@@ -39,3 +39,14 @@ The processing group is divided into 3 parts:
* Data output - sends data to storage. In future version data will also be sent to other tools doing real time stream processing of the data.
Each group contains a process group called "Custom ..." where it is possible to add new processors to the pipeline that will not be overwritten when upgrading to newer versions of SOCTools.
## Performance
The two components that decides the performance of SOCTools are Elasticsearch and Apache NiFi. Both components are highly scalable by adding more nodes to the cluster.

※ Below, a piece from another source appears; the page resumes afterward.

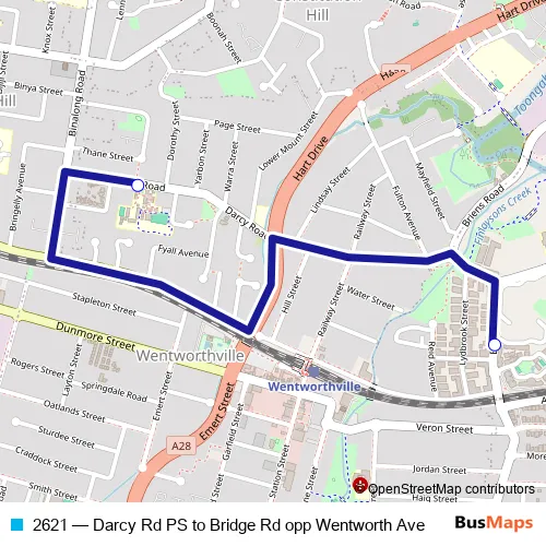 The first stop of the 2621 bus route is Darcy Road Public School, Darcy Rd and the last stop is Bridge Rd Opp Seventh Day Adventist Church. 2621 (Darcy Rd PS to Bridge Rd opp Wentworth Ave) is operational during on weekdays.
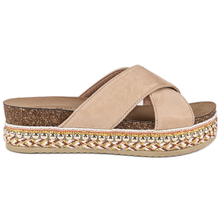 Descubra conforto e elegância nos chinelos plataforma bege da Inna Marka. Estes elegantes chinelos são a escolha perfeita para o uso diário, graças às suas cores universais que combinam perfeitamente com uma variedade de estilos. Confeccionados em couro ecológico de alta qualidade, proporcionam não só um visual moderno, mas também conforto de uso.

There are reports of NiFi being scaled to handle petabytes of data per day in a large cluster, [Processing one billion events per second with NiFi](https://blog.cloudera.com/benchmarking-nifi-performance-and-scalability/). The performance of NiFi depends heavily on the type and number of processors in the pipeline. The enrichment pipeline used in SOCTools is quite CPU intensive but it utilizes flow record processing in Nifi which means that multiple log entries of the same type are grouped together to improve performance.
Uninett is using [Humio](https://www.humio.com/) instead of Elasticsearch for storing logs, but has a pilot installation of Apache Nifi running the same pipeline as the one in SOCTools. The current setup is 6 virtual servers running on 4 physical servers. The HW specification of the virtual servers are:
* CPU: 12 cores
* Memory: 8GB
* Disk: 40GB
This setup processes around 7K events per second of production data per second during peak hours. During performance testing we have been able to add an additional 17K events per second of test traffic before NiFi starting to show performance issues. This translates to more than 1.1TB of data per day.